(Data items)
********************

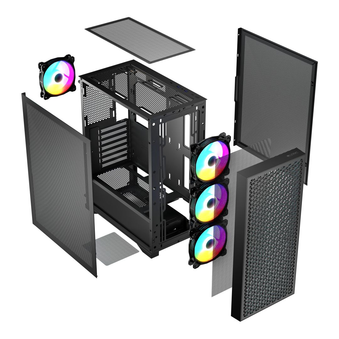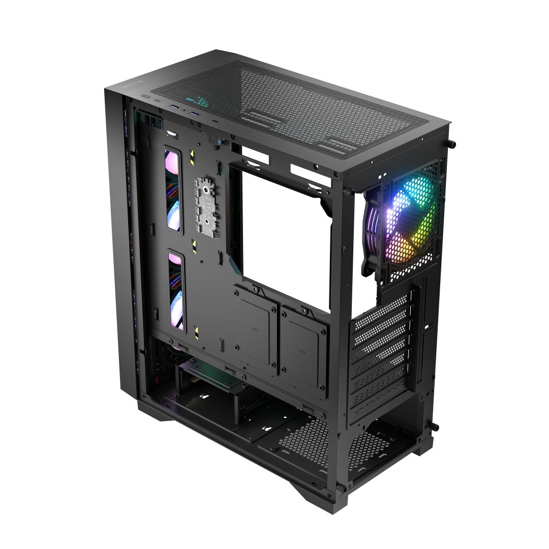 ATX, Black, 1x3,5", 2x2,5", 2xUSB3.0, 1xUSB Type-C, Audio, Táp nélkül, 385x200x456mm, Ventilátor:4x12cm, RGB, Gamer
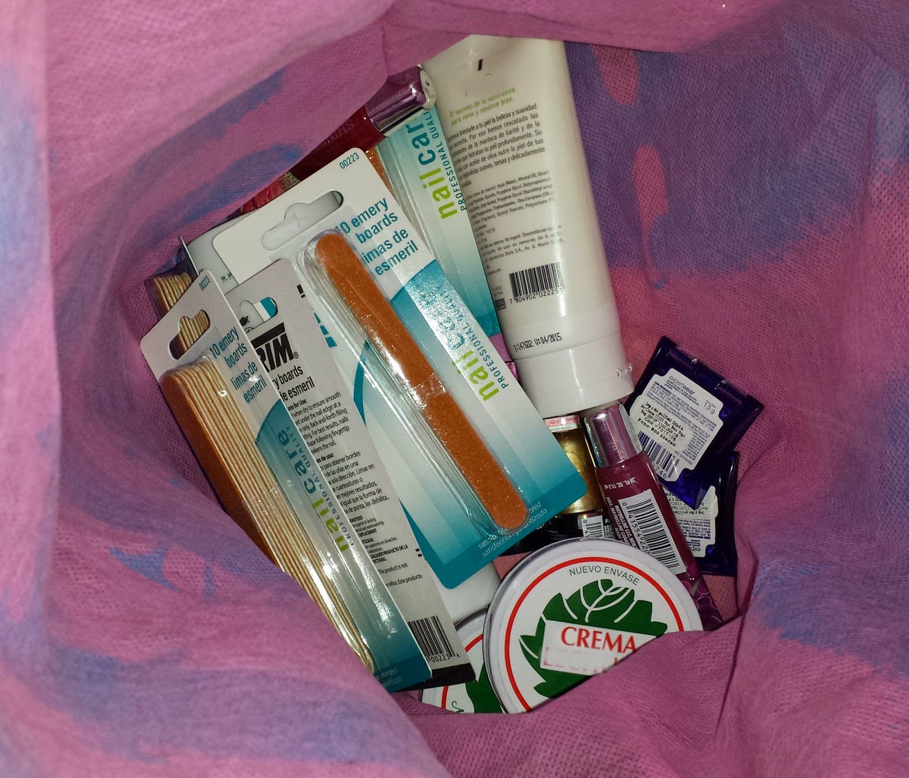 Te dejo la donación de Ale y mía como ejemplo de lo que puedes juntar: limas de uñas, sombras, gloss, esmalte de uñas, cremas (y un largo etcétera que lo dejo a tu imaginación)
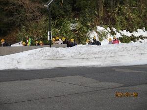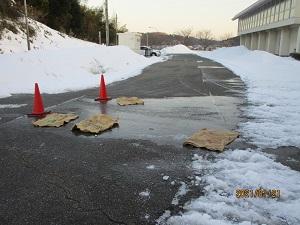 滑って転ばないように、麻袋を敷いたりコーンを立てて近づかないようにしたりしましたが、通学路ではたくさんのお友達が滑ったようです。気をつけて登校してくださいね。
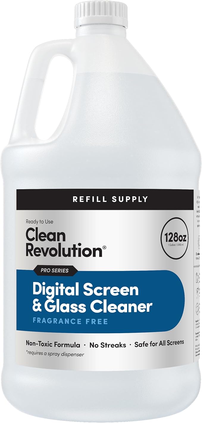 Clean Revolution Pro Digital Screen and Glass Cleaner, Spray and Wipe TV Screens, Computers, Mirrors and Windows: Non-Toxic, No Harsh Chemicals or Odors.Unscented, 128 oz (Pack of 1) - Made in USA
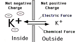 Электрохимическаясила (разница в концентрации иона внутри и внеклетки) приводит к выходу К+ из клетки, при этом из нее выносятся положительные заряды и возникает МП, накопление К+ на внешней поверхности мембраны препятствует дальнейшему выходу К+ из клетки – начинает действовать электростатическая сила в противоположном направлении. Потенциал, при котором наступает равновесие этих сил – калиевый равновесный потенциал.
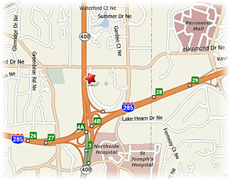 Proceed under 400 to Peachtree-Dunwoody Road (first intersection)
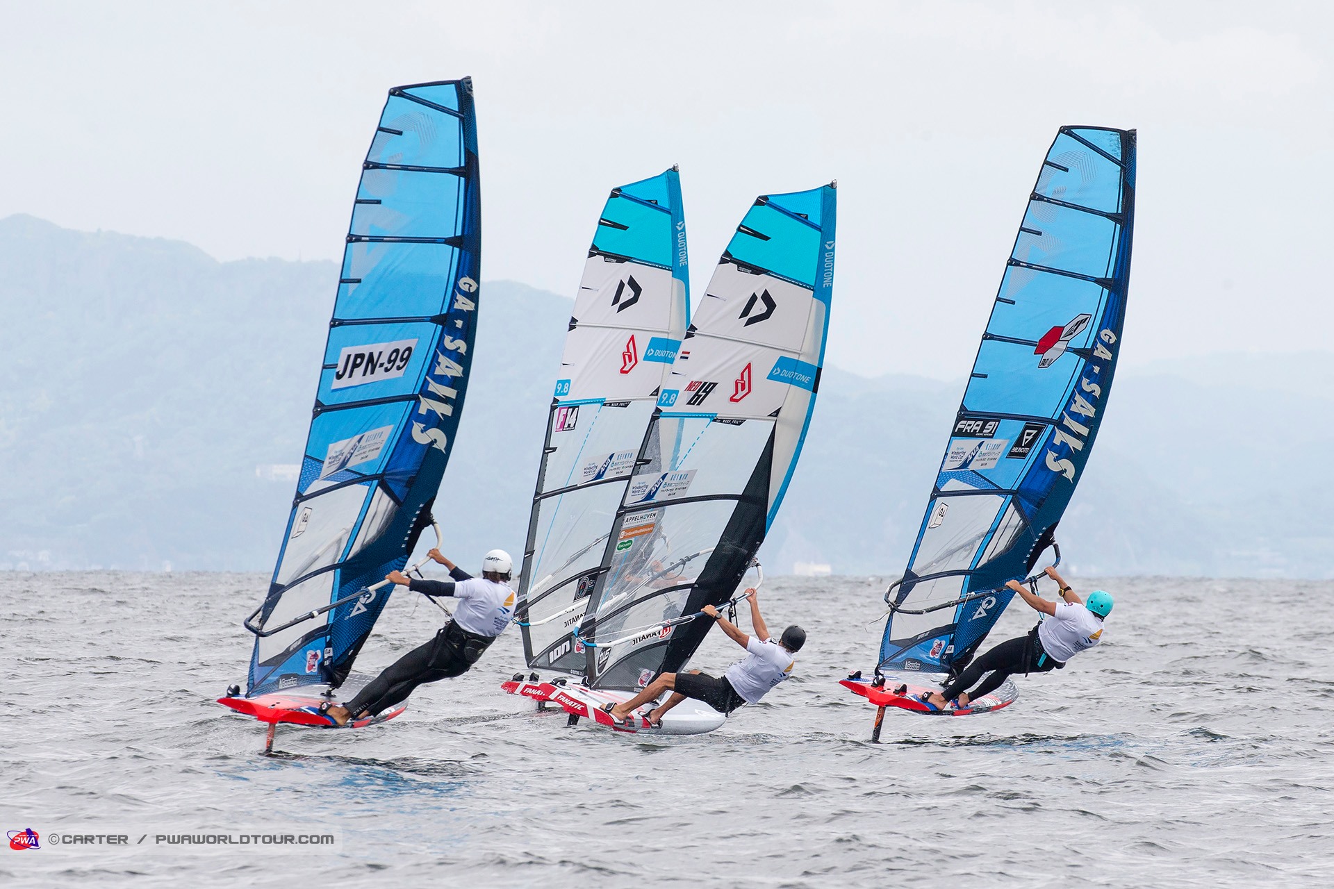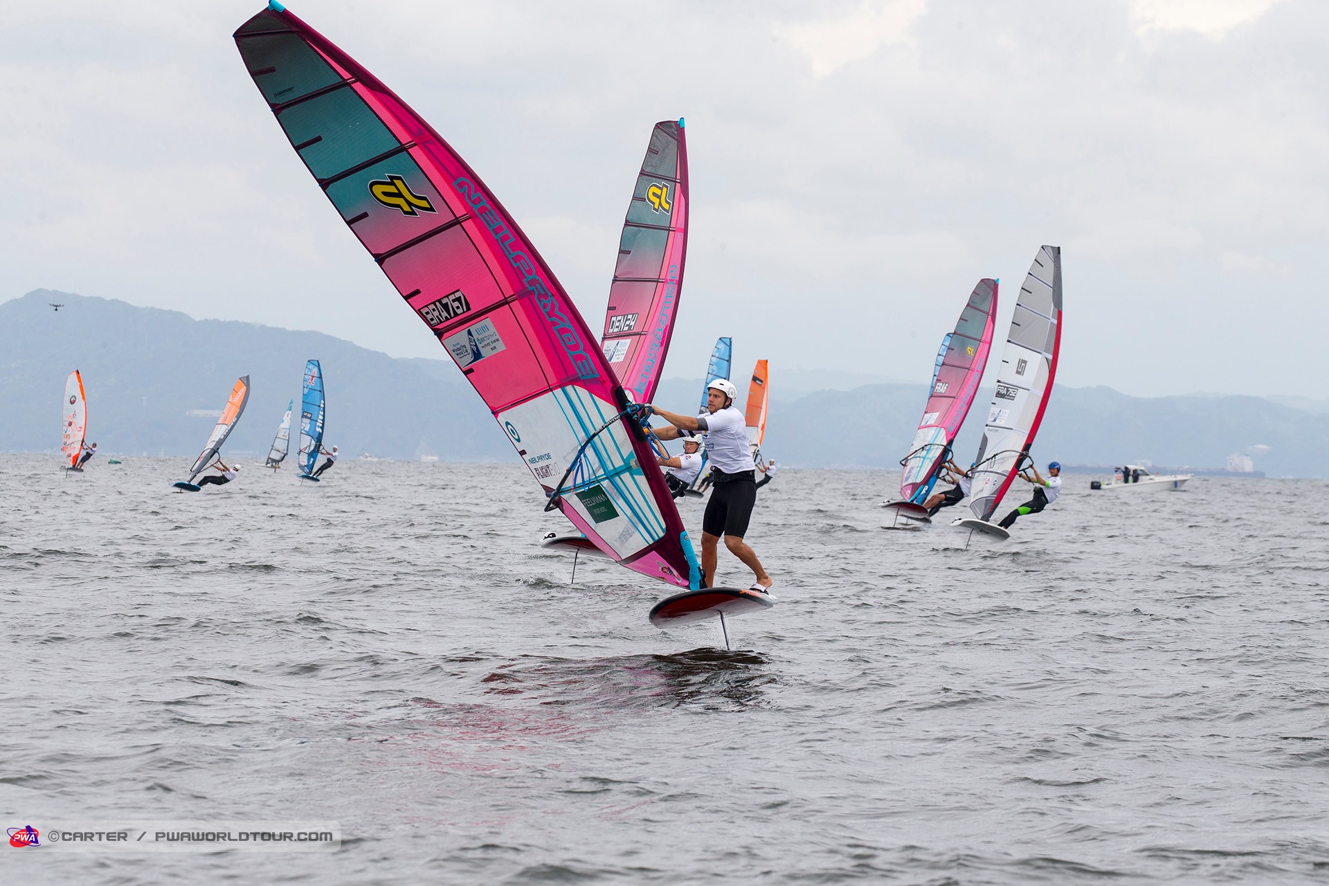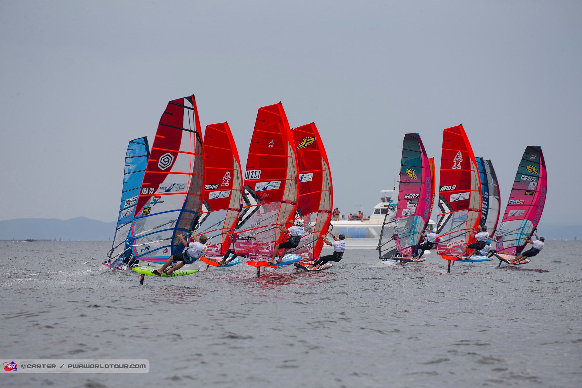 The 2019 Fly! ANA Yokosuka PWA World Cup saw 3 eliminations of Foiling for the Men and 7 eliminations for the women completed in 3-11 knots of wind, which meant that well-timed starts and solid race tactics were needed to succeed, while any mistakes were severely punished. Ultimately, Delphine Cousin Questel (Starboard / S2Maui / Starboard Foil) and Pierre Mortefon (Fanatic / Duotone / LOKEFOIL) maintain their perfect starts to the season after following up their respective victories in France by securing the top spots on the podium in Japan – meaning they both lead the Men’s & Women’s Foil & Slalom PWA World Tours.

********************

Exercise requirements —
In the entries above, which lines run from the one with "滑って転ばないように、麻袋を" up to and including the one with "Clean Revolution Pro"? Write them out exactly, without the pictures.

Exercise output —
 滑って転ばないように、麻袋を敷いたりコーンを立てて近づかないようにしたりしましたが、通学路ではたくさんのお友達が滑ったようです。気をつけて登校してくださいね。
 Clean Revolution Pro Digital Screen and Glass Cleaner, Spray and Wipe TV Screens, Computers, Mirrors and Windows: Non-Toxic, No Harsh Chemicals or Odors.Unscented, 128 oz (Pack of 1) - Made in USA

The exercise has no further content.